▶ Supplied information:

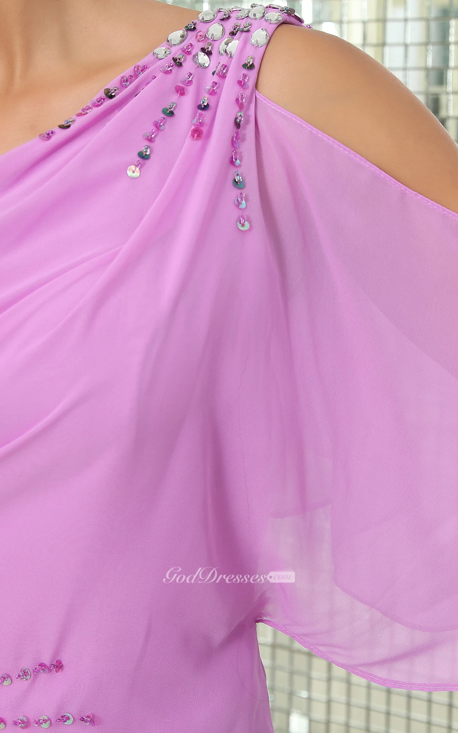 Unique Backless Sequined One-Shoulder Side Draped Chiffon Gown
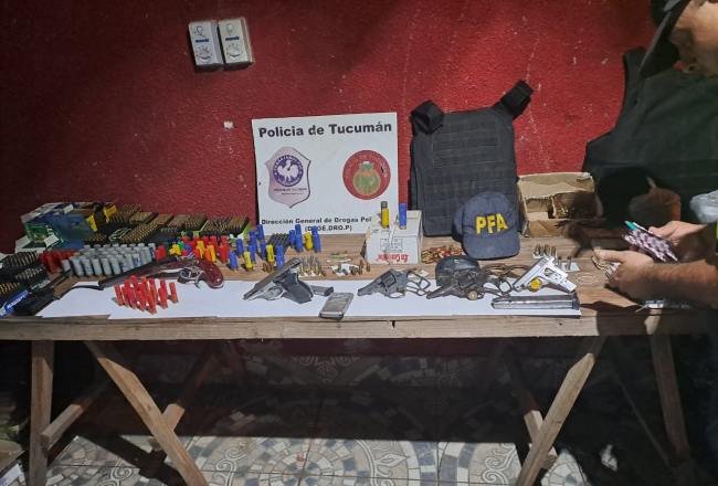 TUCUMAN.- La Policía de Tucumán, por medio de la Dirección General de Drogas Peligrosas (Digedrop) y sus unidades, la División Drogas Peligrosas (Didrop) Capital y la Didrop Norte, secuestró una gran cantidad de drogas, armas, chalecos antibalas, dinero en efectivo y dejó el saldo de varias personas aprehendidas.
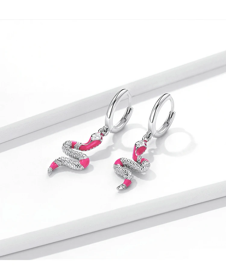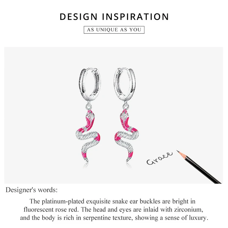 ❤[Описание] изысканные пряжки с платиновым покрытием в виде змеи ярко-розово-Красного цвета. Голова и глаза инкрустированы цирконием, а тело богато серпантиновой текстурой, показывающей ощущение роскоши.❤[Спецификация] Размер: 3,2*0,9 см.❤[Материал] Стерлинговое Серебро 925 пробы и паве с фианитами и эмалью, покрытые платиной, эти серьги не имеют никеля, не имеют свинца, не имеют кадмия, гипоаллергенны. Гарантия качества, приятный для кожи, удобный и удобный в носке, не вредный для вашего здоровья.❤[Для подарка] 1 пара сережек и 1 шт. Изысканная Подарочная коробка, которая является идеальным подарком для мамы, дочки, правки, тети, сестер, друзей.

▶ What you should do:
Transcribe all of the material exactly, leaving out whatever pictures it contains.

▶ Output of the task:
 Unique Backless Sequined One-Shoulder Side Draped Chiffon Gown
 TUCUMAN.- La Policía de Tucumán, por medio de la Dirección General de Drogas Peligrosas (Digedrop) y sus unidades, la División Drogas Peligrosas (Didrop) Capital y la Didrop Norte, secuestró una gran cantidad de drogas, armas, chalecos antibalas, dinero en efectivo y dejó el saldo de varias personas aprehendidas.
 ❤[Описание] изысканные пряжки с платиновым покрытием в виде змеи ярко-розово-Красного цвета. Голова и глаза инкрустированы цирконием, а тело богато серпантиновой текстурой, показывающей ощущение роскоши.❤[Спецификация] Размер: 3,2*0,9 см.❤[Материал] Стерлинговое Серебро 925 пробы и паве с фианитами и эмалью, покрытые платиной, эти серьги не имеют никеля, не имеют свинца, не имеют кадмия, гипоаллергенны. Гарантия качества, приятный для кожи, удобный и удобный в носке, не вредный для вашего здоровья.❤[Для подарка] 1 пара сережек и 1 шт. Изысканная Подарочная коробка, которая является идеальным подарком для мамы, дочки, правки, тети, сестер, друзей.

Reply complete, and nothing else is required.